Dermatomyositis and Social Security Disability

Dermatomyositis – Condition and Symptoms

Dermatomyositis is an inflammatory condition that affects the skin and the muscles. It is part of a group of conditions known as inflammatory myopathies; myopathy refers to disease or abnormality in the muscles. Dermatomyositis is also part of the group of autoimmune diseases, which means it can be caused by a reaction within the body’s immune system. Some of the inflammatory myopathies can be caused by infections from bacteria, viruses, or parasites, but usually there is no identifiable cause.

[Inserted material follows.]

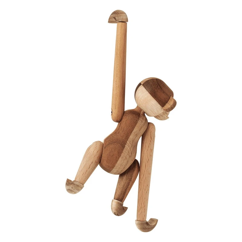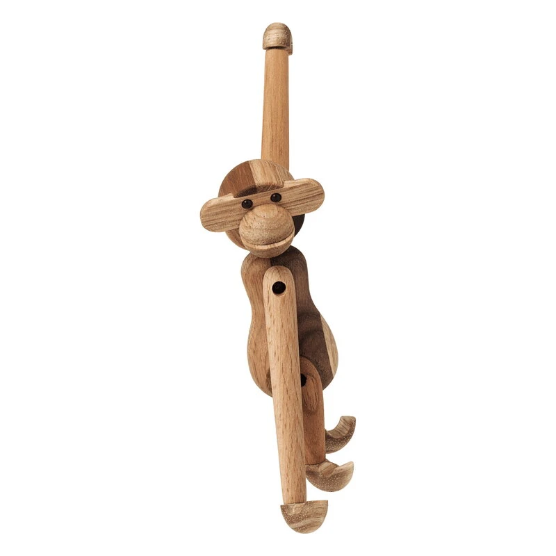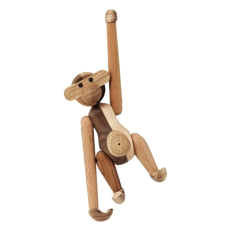 Bojesen’s monkey with its mischievous look and light coloured belly has transformed kids’ rooms into jungles and sparked dreams of far-away places since 1951. It has a permanent role on Danish television as the mascot of wildlife programs and as a prize in quiz shows. Every monkey consists of 31 wooden parts and is crafted by hand in Denmark. Due to slight variation in shade and wood grain, the monkeys have a unique and charming personality.

There also appears to be some degree of genetic susceptibility to this type of illness.

The main identifying symptom of Dermatomyositis is a purplish-red rash that appears around the eyes, face, knuckles, knees, elbows, back and chest. This rash may or may not be accompanied by swelling in the muscles. In some cases, calcium deposits may show up as hard bumps under the skin or within the muscles. There is also a group of symptoms known as constitutional symptoms that includes fever, severe fatigue, malaise (general body weakness or discomfort), and unintentional weight loss. Another identifying symptom is muscle weakness that appears symmetrically, meaning it is the same on both sides of the body. It typically appears first in the muscle groups closest to the torso such as the hips, shoulders, upper-legs and arms, and tends to progressively get worse over time. Other symptoms may include:

  • Gastrointestinal problems such as ulcer, etc., especially in children.
  • Lung problems
  • Difficulty swallowing (dysphagia)

Dermatomyositis usually affects more women than men. It mostly hits adults in their late 40s to early 60s or children between the ages of 5 and 15, but anyone can develop it.

Dermatomyositis is not curable, but it can be treated. Anti-inflammatory medications can help with the muscle inflammation, as may some steroids. Pain medications may be necessary. Since Dermatomyositis can be the result of an immune system malfunction, immunosuppressant medications may help to keep the immune system from wreaking additional havoc. Several different therapies may assist with swallowing difficulties. Surgery may be necessary to remove painful calcium deposits. As is the case with many other diseases and conditions, early detection and treatment have been associated with more favorable outcomes.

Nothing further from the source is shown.